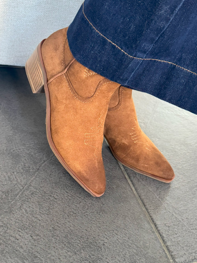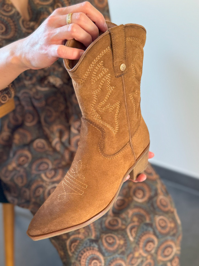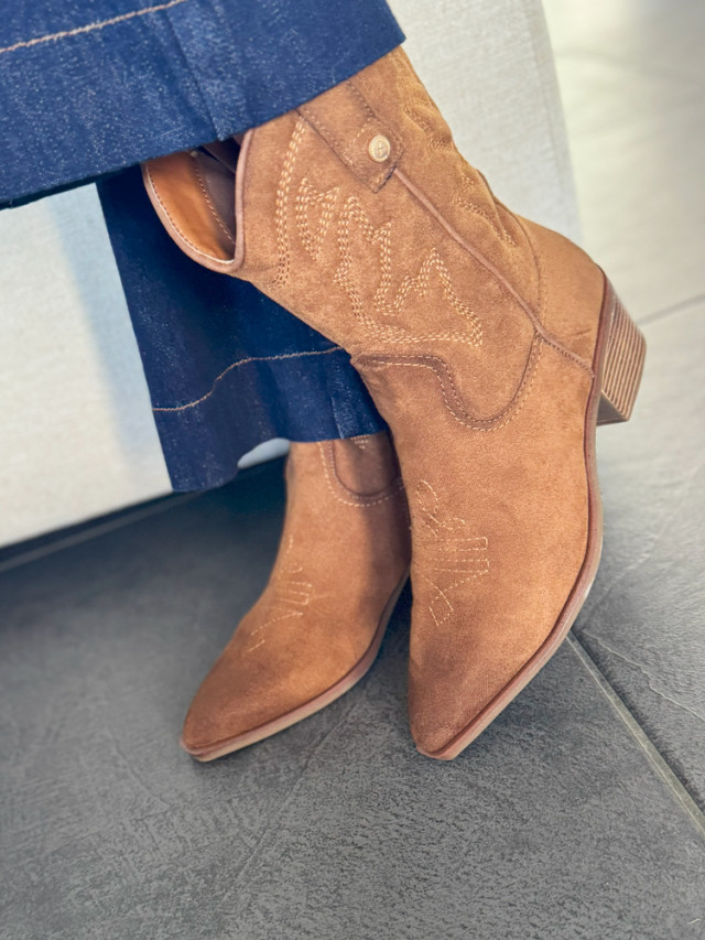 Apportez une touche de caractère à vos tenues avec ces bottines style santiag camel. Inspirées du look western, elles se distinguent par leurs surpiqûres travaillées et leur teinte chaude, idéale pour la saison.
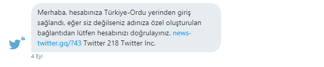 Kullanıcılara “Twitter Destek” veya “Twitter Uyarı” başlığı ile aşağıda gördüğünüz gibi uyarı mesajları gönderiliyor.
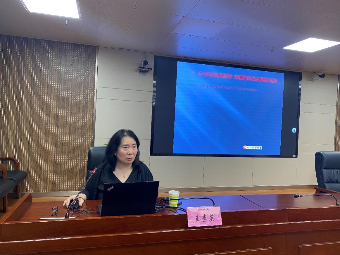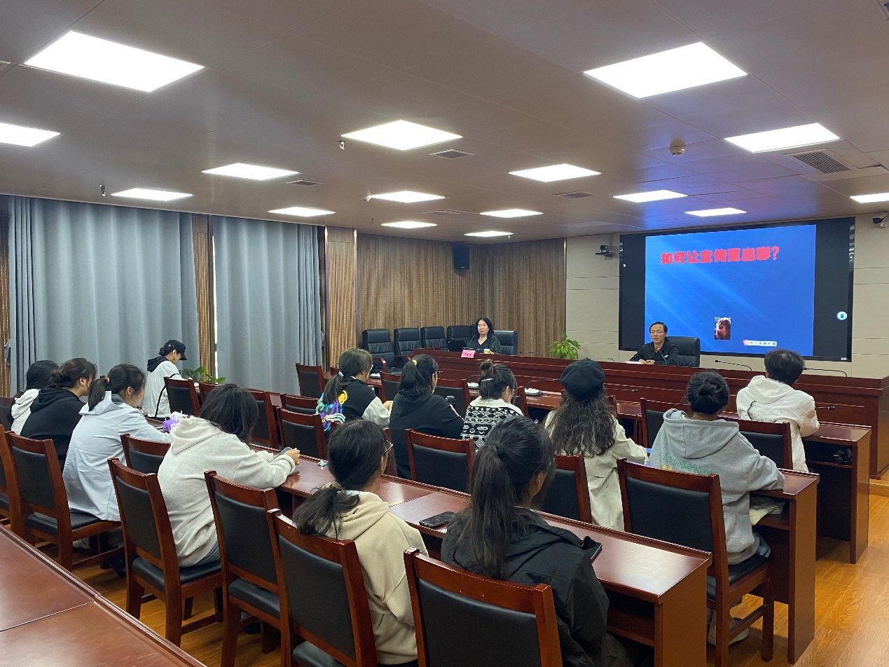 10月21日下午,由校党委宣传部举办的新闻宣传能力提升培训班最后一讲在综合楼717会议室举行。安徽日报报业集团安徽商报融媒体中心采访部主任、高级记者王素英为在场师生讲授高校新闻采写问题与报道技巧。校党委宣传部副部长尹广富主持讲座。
==
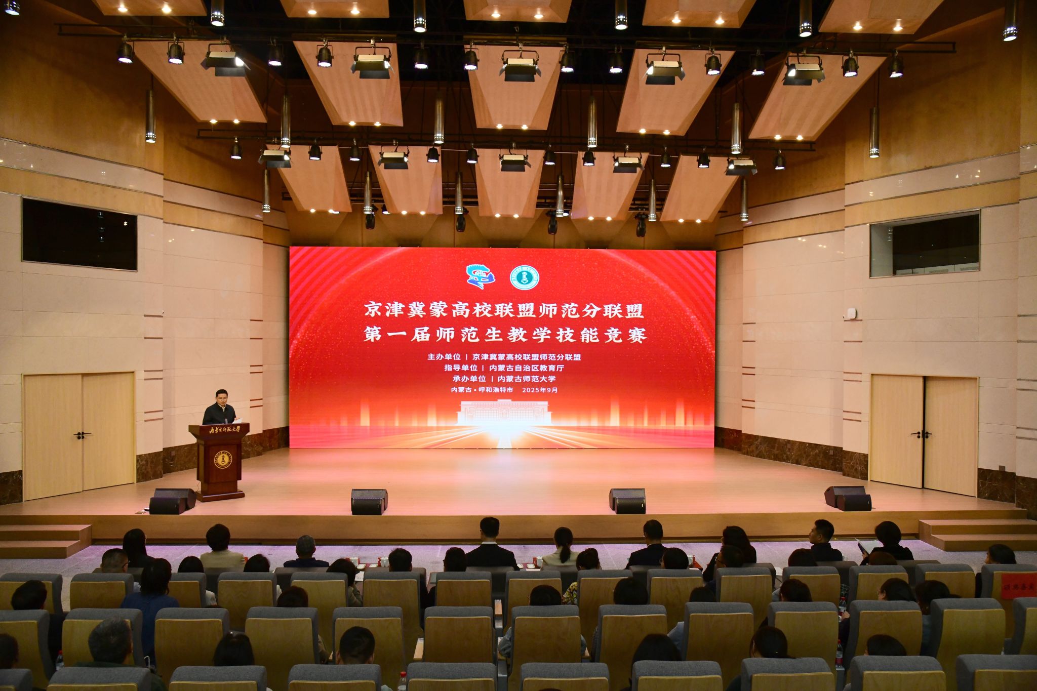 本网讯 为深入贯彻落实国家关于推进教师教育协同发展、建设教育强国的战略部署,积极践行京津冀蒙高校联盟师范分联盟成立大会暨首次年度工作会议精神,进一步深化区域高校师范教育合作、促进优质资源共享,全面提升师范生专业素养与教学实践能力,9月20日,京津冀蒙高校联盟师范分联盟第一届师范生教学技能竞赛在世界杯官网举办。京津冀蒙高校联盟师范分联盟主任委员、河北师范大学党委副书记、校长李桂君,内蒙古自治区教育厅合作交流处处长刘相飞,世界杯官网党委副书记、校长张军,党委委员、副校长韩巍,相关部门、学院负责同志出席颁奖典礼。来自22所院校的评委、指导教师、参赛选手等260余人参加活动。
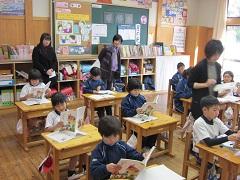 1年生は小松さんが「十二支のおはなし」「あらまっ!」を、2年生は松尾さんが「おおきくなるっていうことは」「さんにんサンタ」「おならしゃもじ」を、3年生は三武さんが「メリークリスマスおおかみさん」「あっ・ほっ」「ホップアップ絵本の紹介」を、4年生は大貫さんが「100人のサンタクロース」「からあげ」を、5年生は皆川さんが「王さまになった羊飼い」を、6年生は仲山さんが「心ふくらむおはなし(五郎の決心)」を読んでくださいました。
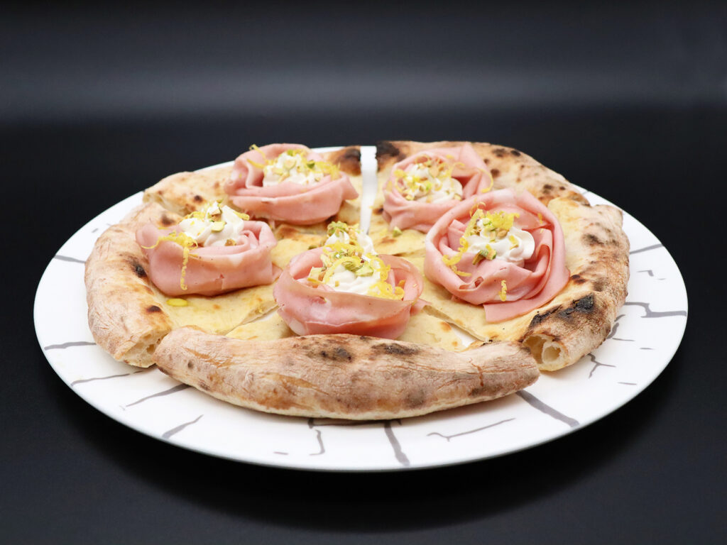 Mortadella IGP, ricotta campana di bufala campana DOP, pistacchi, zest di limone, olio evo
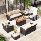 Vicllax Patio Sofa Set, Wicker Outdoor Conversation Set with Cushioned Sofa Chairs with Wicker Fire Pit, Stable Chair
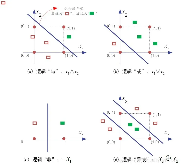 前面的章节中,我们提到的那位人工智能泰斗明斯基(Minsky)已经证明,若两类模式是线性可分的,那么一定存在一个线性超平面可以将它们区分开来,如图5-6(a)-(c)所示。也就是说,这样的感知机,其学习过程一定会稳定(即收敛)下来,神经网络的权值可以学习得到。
* * *
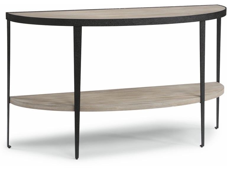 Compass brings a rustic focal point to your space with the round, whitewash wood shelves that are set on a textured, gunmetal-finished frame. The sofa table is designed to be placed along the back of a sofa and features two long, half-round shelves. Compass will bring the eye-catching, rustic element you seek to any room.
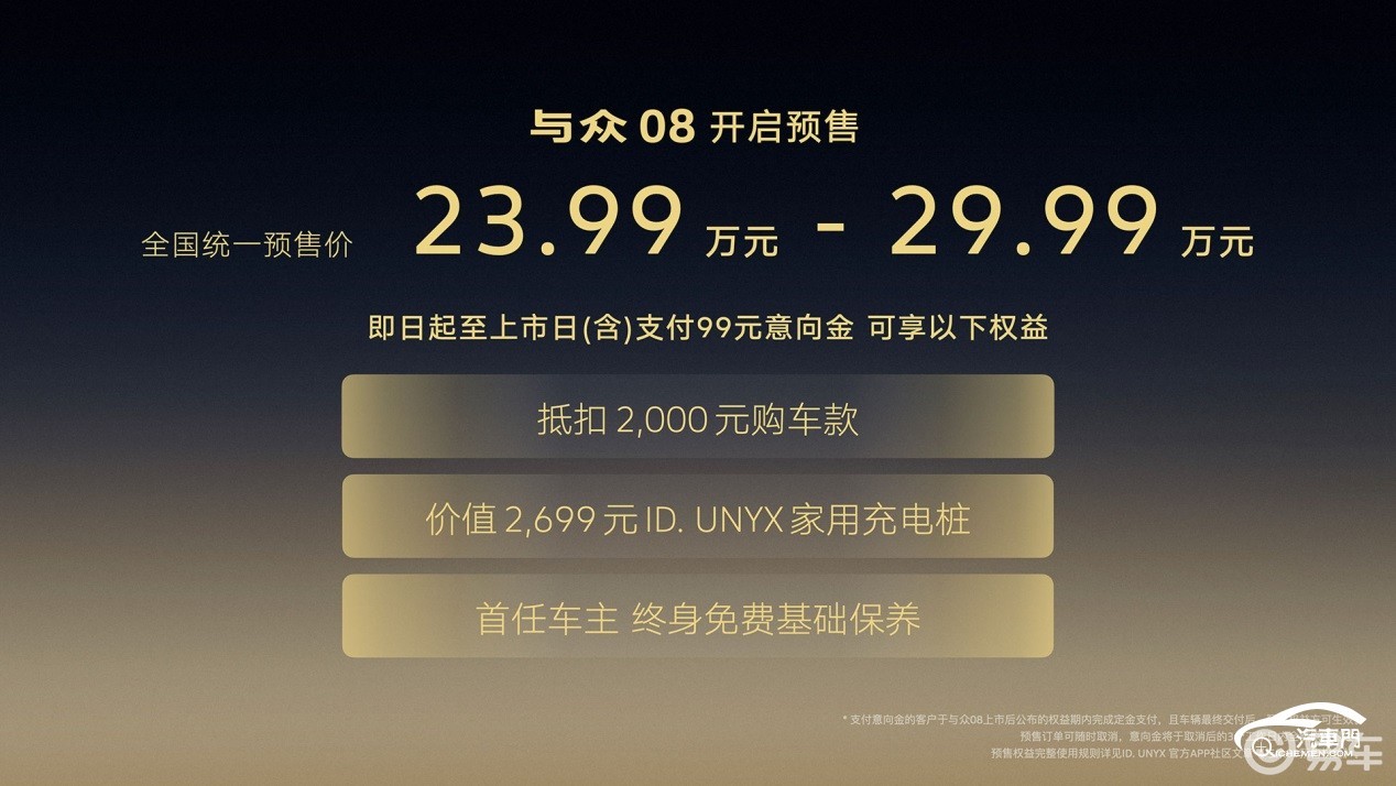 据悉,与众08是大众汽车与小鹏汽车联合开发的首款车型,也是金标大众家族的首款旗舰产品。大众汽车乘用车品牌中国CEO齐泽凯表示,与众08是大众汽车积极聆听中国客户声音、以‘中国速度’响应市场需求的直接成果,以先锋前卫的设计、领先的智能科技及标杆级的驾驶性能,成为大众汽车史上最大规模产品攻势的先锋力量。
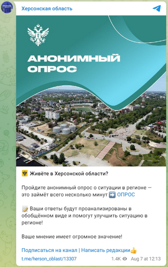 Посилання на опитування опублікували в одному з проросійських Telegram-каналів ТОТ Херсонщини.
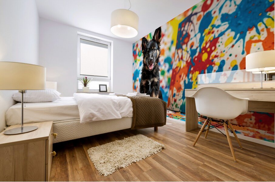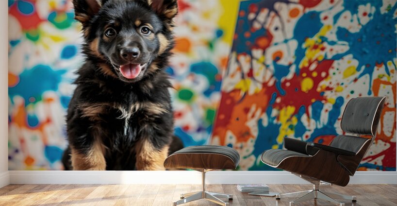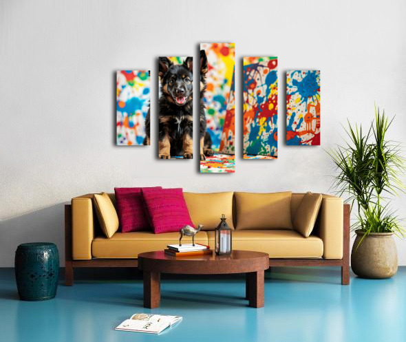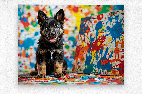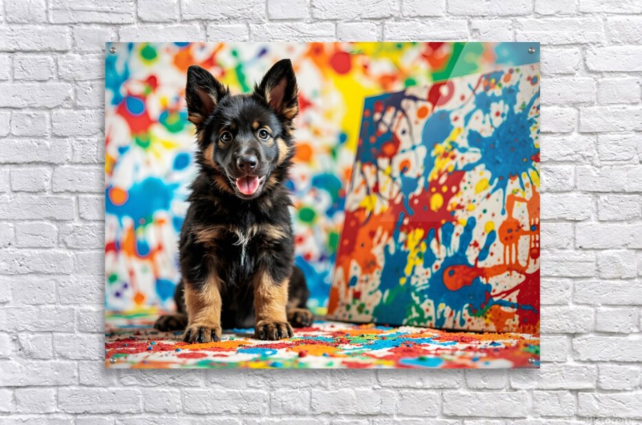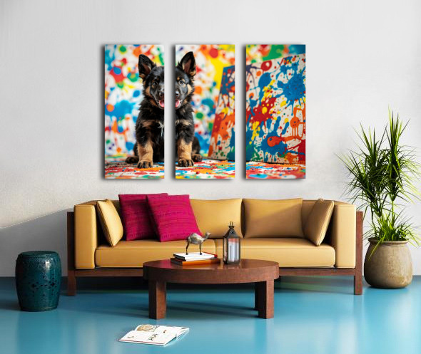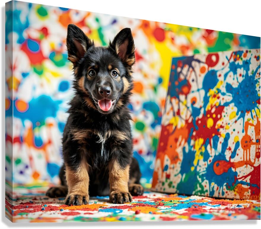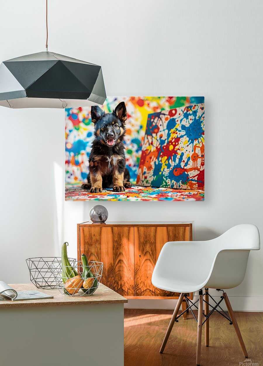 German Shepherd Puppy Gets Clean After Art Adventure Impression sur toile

[TO DO]
Exactly the lines starting at the one above with "Compass brings a" and ending at the one with "German Shepherd Puppy" should be printed, and nothing else. Omit the pictures.

[TASK OUTPUT]
 Compass brings a rustic focal point to your space with the round, whitewash wood shelves that are set on a textured, gunmetal-finished frame. The sofa table is designed to be placed along the back of a sofa and features two long, half-round shelves. Compass will bring the eye-catching, rustic element you seek to any room.
 据悉,与众08是大众汽车与小鹏汽车联合开发的首款车型,也是金标大众家族的首款旗舰产品。大众汽车乘用车品牌中国CEO齐泽凯表示,与众08是大众汽车积极聆听中国客户声音、以‘中国速度’响应市场需求的直接成果,以先锋前卫的设计、领先的智能科技及标杆级的驾驶性能,成为大众汽车史上最大规模产品攻势的先锋力量。
 Посилання на опитування опублікували в одному з проросійських Telegram-каналів ТОТ Херсонщини.
 German Shepherd Puppy Gets Clean After Art Adventure Impression sur toile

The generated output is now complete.